[Extracted records]
□ □ □
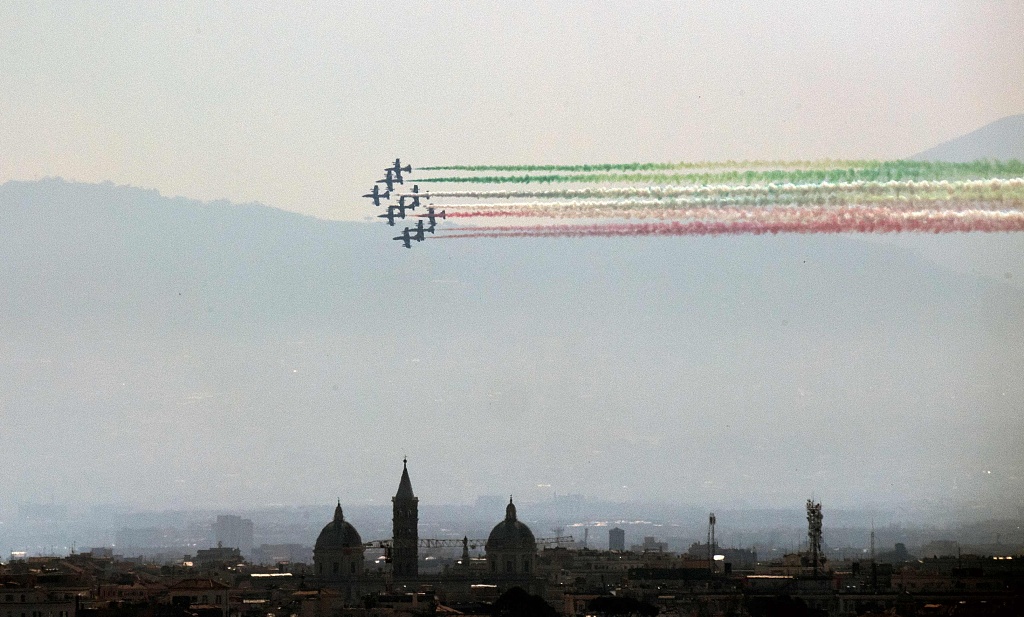 意大利特技飞行队空中表演 纪念意空军成立98周年
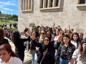 Jinên TJAyî dema ketin li Meclisê dirûşmên “Bijî Serok Apo”, “Mafê Hêviyê Mafê Gelan e”, “Jin Jiyan Azadî” berz kirin.
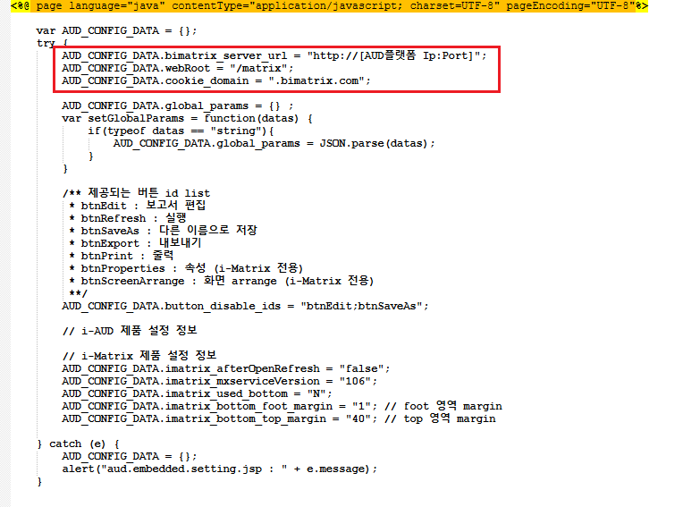 - bimatrix_server_url 설정 : AUD플랫폼의 IP:PORT + Context Root로 설정
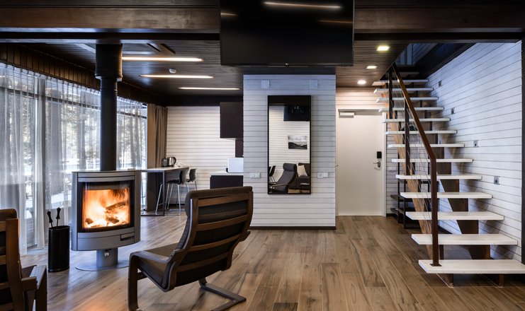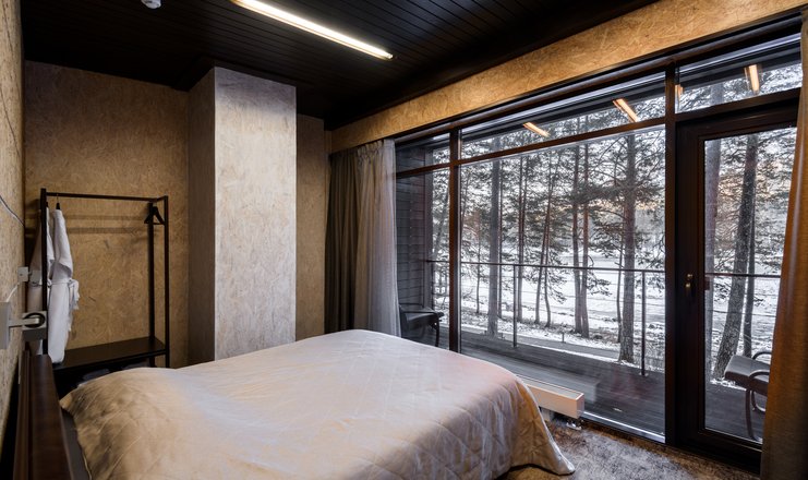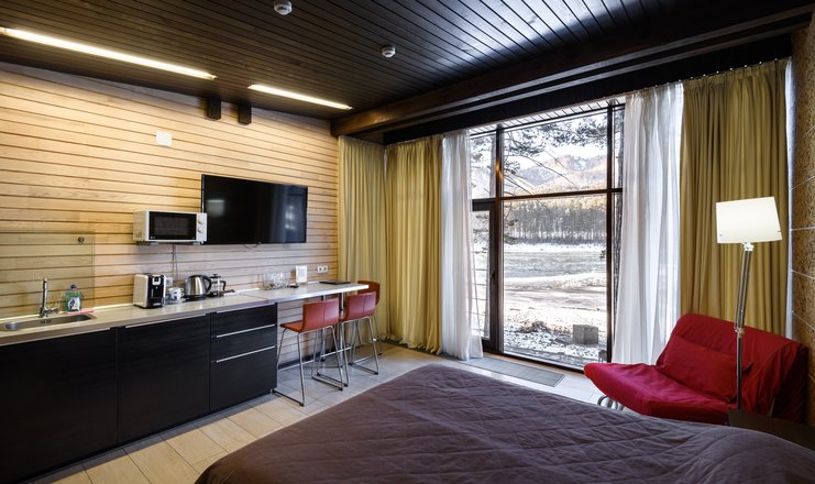 В номере: вешалка, кресло-кровать, кровать двуспальная, обувная полка, прикроватные тумбочки, стулья, Мини-кухня, кофемашина, микроволновая печь, мини-холодильник, сейф, телевизор ЖК, телефон, чайный набор посуды, электрочайник
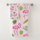 Este es un hermoso patrón de flamencos rosados con hojas tropicales verdes sobre fondo rosa claro. Las toallas de baño son de gran calidad
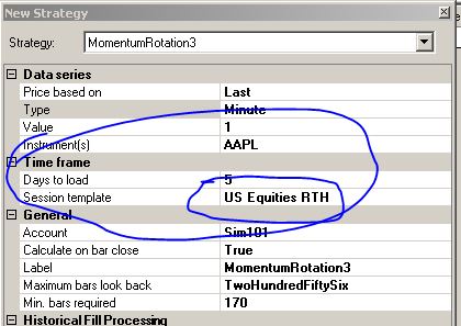 Session Template is only available to select if you used minute bars if use use daily bars that selection goes away, but I do have this code in my Init method:
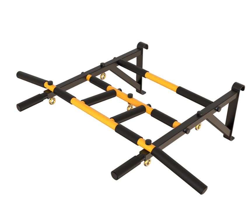 - Универсальный турник, который имеет 6 видов хвата (классический средний на ширине плеч, узкий параллельный, широкий хват, широкий параллельный + 2 дополнительные перекладины рукохода). Обратите внимание , что специальные рукоятки есть на всех хватах. На нем можно комплексно тренировать мышцы спины и рук.
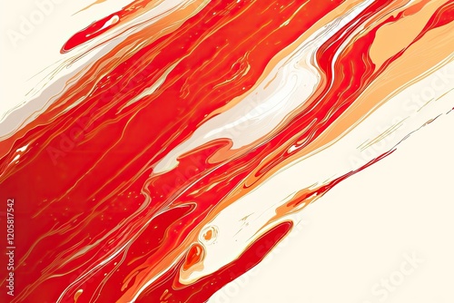 Abstract red and white paint swirls, fluid art, dynamic background.
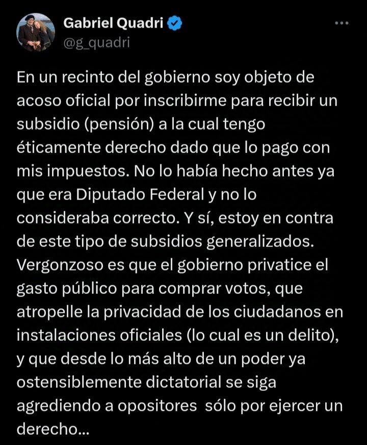 “Soy objeto de acoso oficial por inscribirme para recibir un subsidio (pensión) a la cual tengo éticamente derecho dado que lo pago con mis impuestos. No lo había hecho antes ya que era Diputado Federal y no lo consideraba correcto. Y sí, estoy en contra de este tipo de subsidios generalizados. Vergonzoso es que el gobierno privatice el gasto público para comprar votos”, señaló en su cuenta de X.
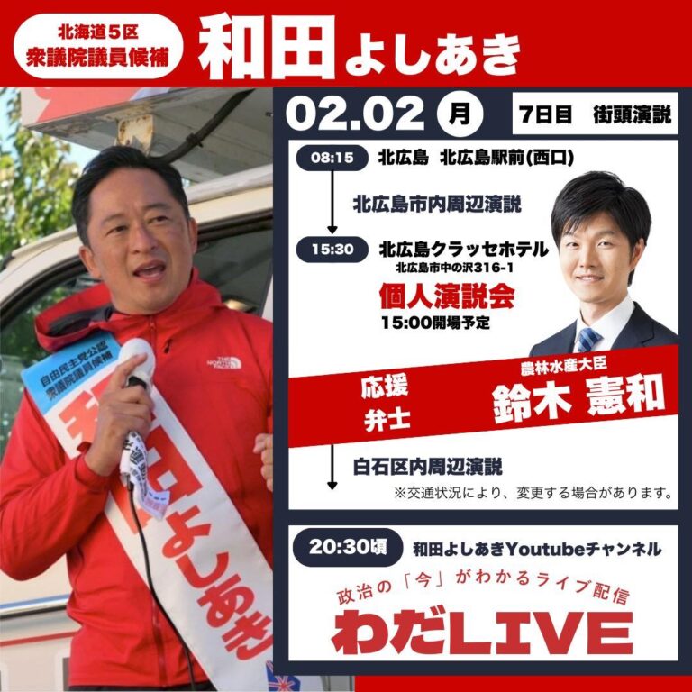 北海道第五選挙区 自民党候補 和田よしあきさんの個人演説会が開催されました。
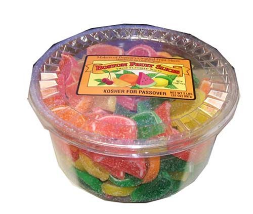 Boston Fruit Slices. Each tub contains 2 pounds (approximately 147 pieces) of assorted flavored fruit slices. Delicious and kosher for Passover.
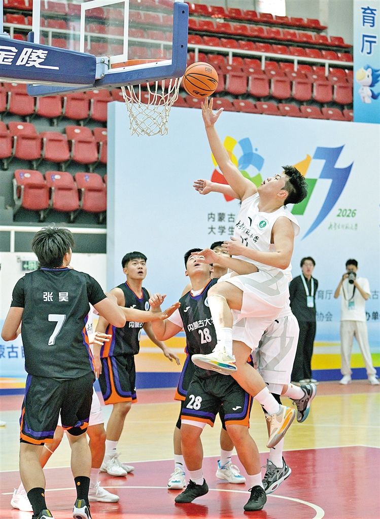 跃动青春、燃情赛场,在内蒙古自治区第十三届大学生运动会篮球项目比赛中,千余名怀揣篮球梦想的少年意气风发奔赴赛场,在一次次奋力奔跑、高高跳跃间挥洒汗水、追逐荣光,尽情绽放耀眼夺目的青春光芒。草原云·内蒙古新闻网记者 王磊 摄
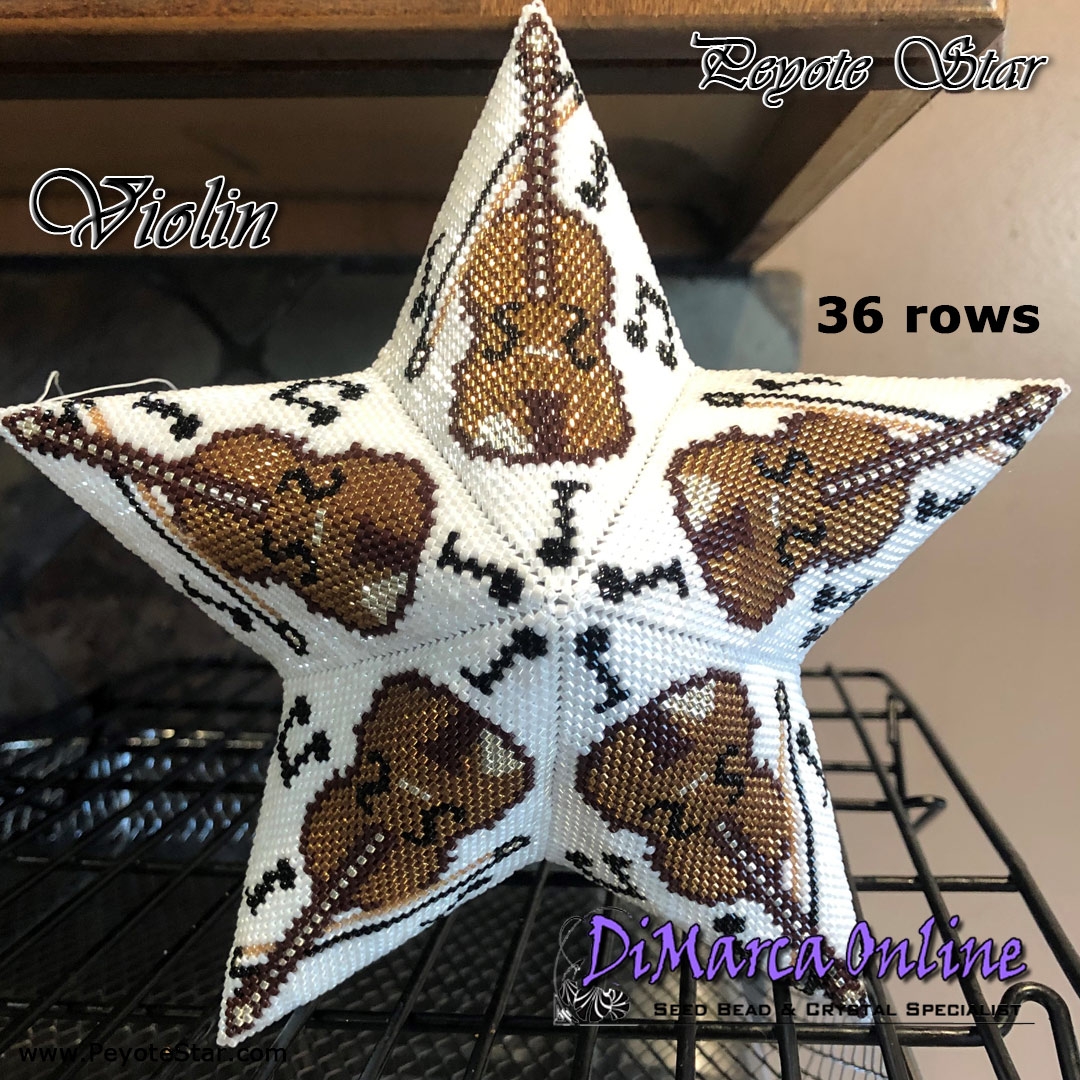 This beading pattern provides a colour diagram and word chart to create the VIOLIN 3D Peyote Star.
□ □ □
▸ Exercise brief: Only the lines from the one containing "cuenta de X." through the end of the records are wanted, set down exactly and without their pictures.

▸ Answer to the problem:
 “Soy objeto de acoso oficial por inscribirme para recibir un subsidio (pensión) a la cual tengo éticamente derecho dado que lo pago con mis impuestos. No lo había hecho antes ya que era Diputado Federal y no lo consideraba correcto. Y sí, estoy en contra de este tipo de subsidios generalizados. Vergonzoso es que el gobierno privatice el gasto público para comprar votos”, señaló en su cuenta de X.
 北海道第五選挙区 自民党候補 和田よしあきさんの個人演説会が開催されました。
 Boston Fruit Slices. Each tub contains 2 pounds (approximately 147 pieces) of assorted flavored fruit slices. Delicious and kosher for Passover.
 跃动青春、燃情赛场,在内蒙古自治区第十三届大学生运动会篮球项目比赛中,千余名怀揣篮球梦想的少年意气风发奔赴赛场,在一次次奋力奔跑、高高跳跃间挥洒汗水、追逐荣光,尽情绽放耀眼夺目的青春光芒。草原云·内蒙古新闻网记者 王磊 摄
 This beading pattern provides a colour diagram and word chart to create the VIOLIN 3D Peyote Star.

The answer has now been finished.